Mouthguard materials by nature must have shock absorption qualities. They must be resilient and yet soft enough to absorb impact energy and reduce transmitted forces. The thickness of mouthguard material is directly related to energy absorption and inversely related to transmitted forces when impacted. However, wearer comfort is also an important factor in their use. Thicker mouthguards are often not user-friendly. Transmitted forces through different thicknesses of the most commonly-used mouthguard material (ethylene vinyl acetate – EVA - Shore Hardness of 80) were compared when impacted with identical forces capable of damaging the oro-facial complex. The results showed that the optimal thickness for EVA mouthguard material with a Shore Hardness of 80 is around 4 mm. on the occlusal surface. All teeth must be properly covered and the bite balanced accordingly. Increased thickness, while improving performance marginally, may result in less wearer comfort and acceptance. Stenger, in 1964, reported that forces from mandibular impact would be attenuated with a mouthguard, resulting in fewer injuries. Hickey discussed that mouth protectors reduced pressure changes and bone deformation within the skull in a cadaver model. He demonstrated a decrease of 50% in the amplitude of the intracranial pressure after a blow to the chin when wearing a mouthguard.

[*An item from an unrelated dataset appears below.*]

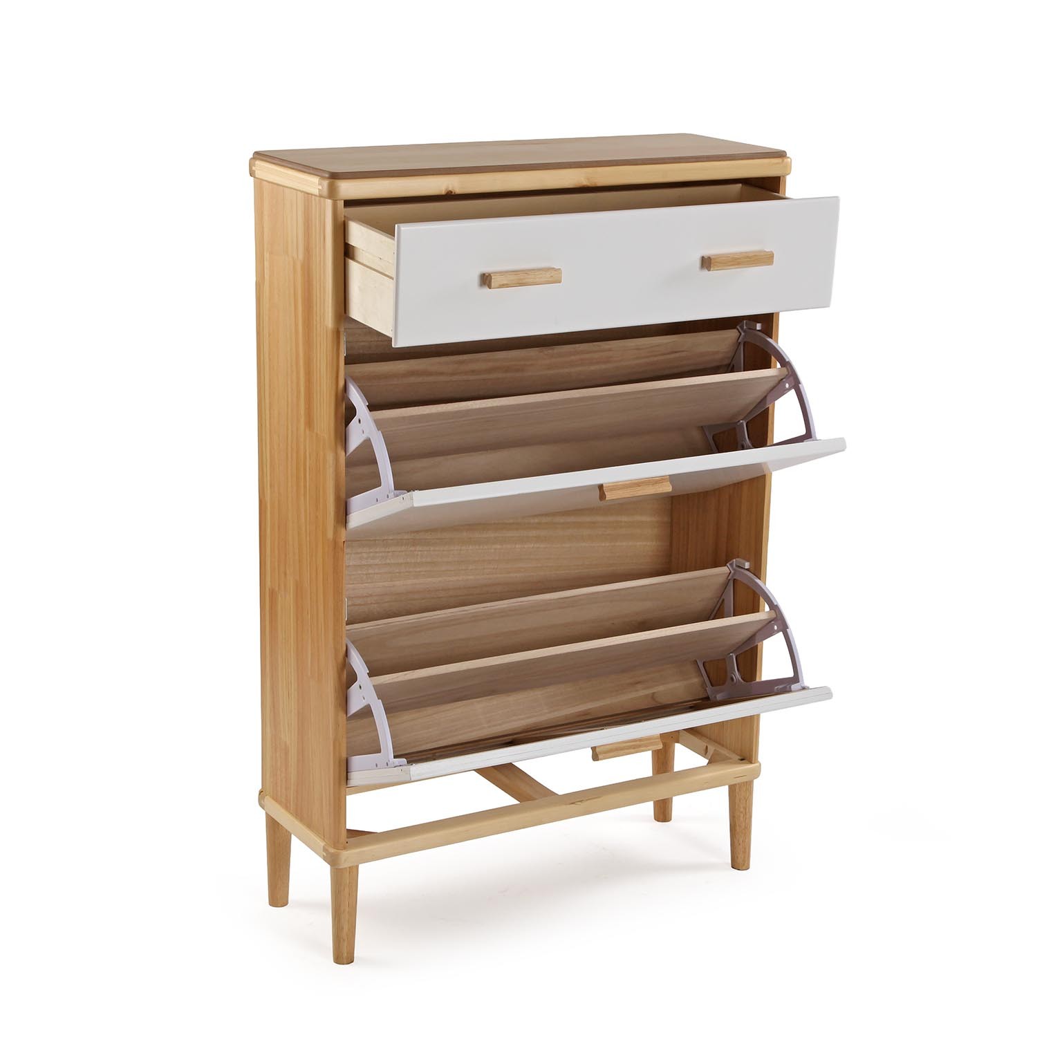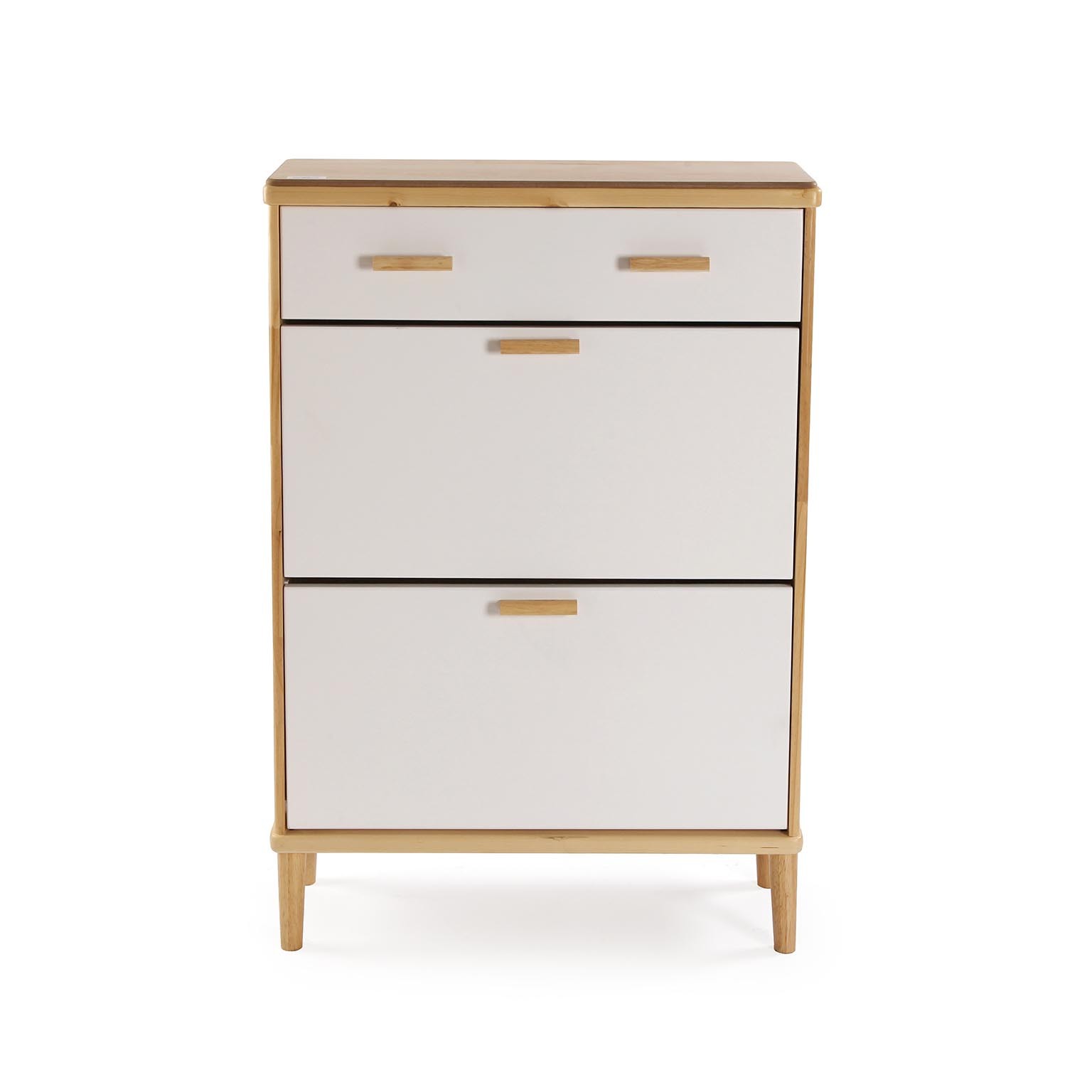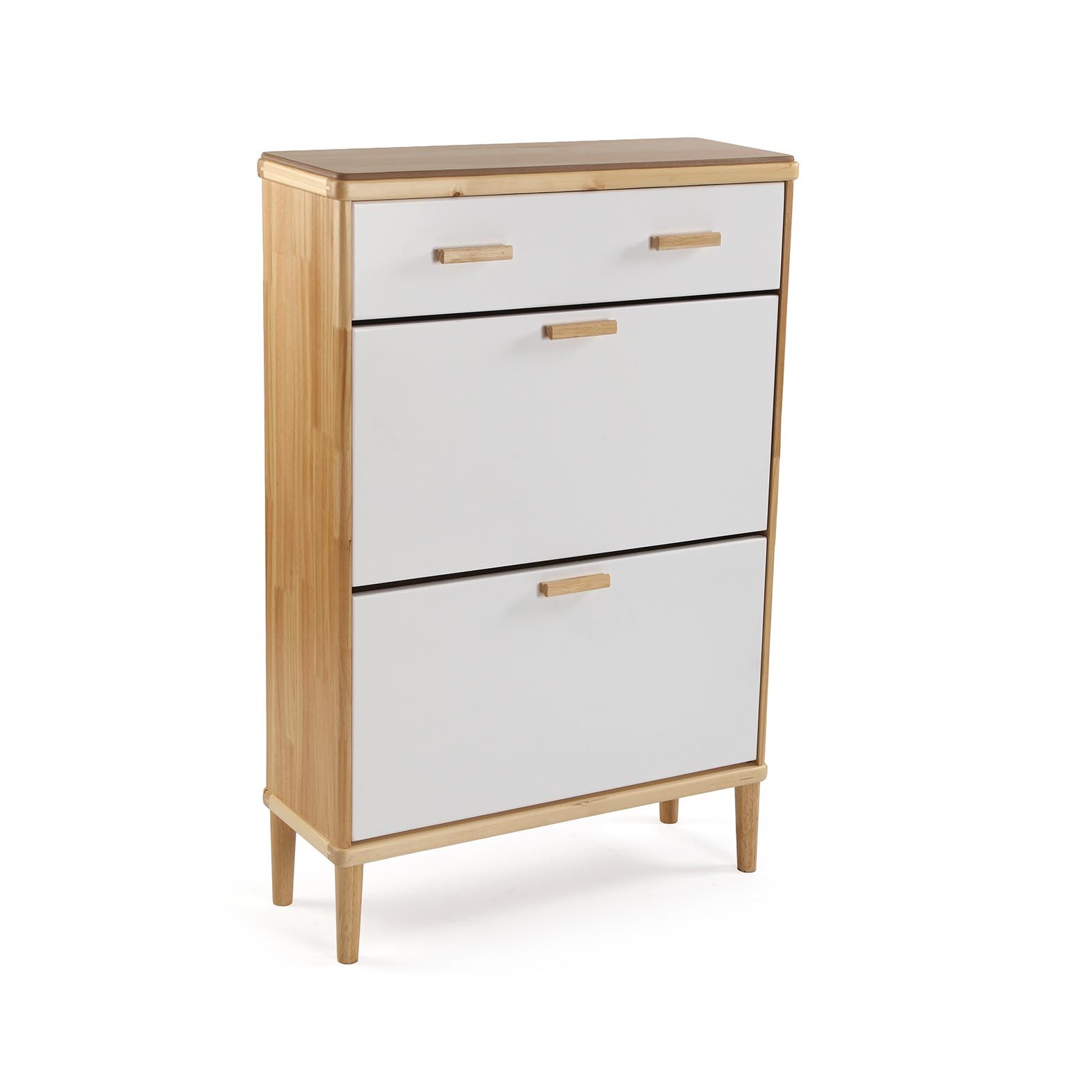 Sus cajones de ratán y contrachapado permiten un almacenamiento eficiente del calzado, mientras que sus líneas limpias y acabados en blanco y madera natural aportan un toque contemporáneo a la decoración.

Increased Condylar Separation

When a properly-fitted and balanced custom-made mouthguard is in place there is a forward/ downward movement of the jaw, thus opening the space between the glenoid fossa and the condylar head. This may reduce the opportunity for the condylar head to directly impact the glenoid fossa after an upward blow to the jaw, thus reducing the impact and acceleration forces to the entire temporal region. Again, while it might be advantageous to significantly open this space for protection, an excessive thickness of material on the biting surface might compromise both comfort and performance.

Increased head stabilization by activating and strengthening neck muscles

Dr. Karen Johnston, a prominent Canadian concussion researcher, noted that: “The force required to concuss a fixed head is almost twice that required to concuss a mobile head”. Further, there is some correlation between the degree of rotation that the head goes through on impact and the severity of the concussion that might result. By activating additional head and neck muscles at the time of impact this arc of rotation might be decreased, leading to less harmful movement of the brain inside the skull. Some researchers have begun to show that by being able to clench down harder on a mouthguard the activation of the head and neck muscles might serve to stabilize the head. Some have suggested further that this effect might be in place whether or not the athlete sees the impact coming.

The Bottom Line

As Dr. Paul McCrory once stated about the connection between mouthguards and concussions “Absence of proof is not proof of absence”. We should always remember that the primary role of mouthguards is the protection of the teeth and orofacial structures, and mouthguards should be primarily designed to accomplish this goal – with adequate protection in the areas most likely to be traumatized (maxillary incisor teeth). However, there are some basic design elements that can and should be included in any mouthguard that might enhance the potential concussion-prevention aspects of mouthguards. All mouthguards should have an adequate thickness and should cover as much of the occlusal surface as the athlete can tolerate. Mouthguards must have proper retention built into them to ensure that they stay in place at the moment of impact. Mouthguards should not be over trimmed in the posterior, which might actually force the condyles into the glenoid fossae. All mouthguards should be balanced occlusally to ensure an even distribution of force across the entire surface.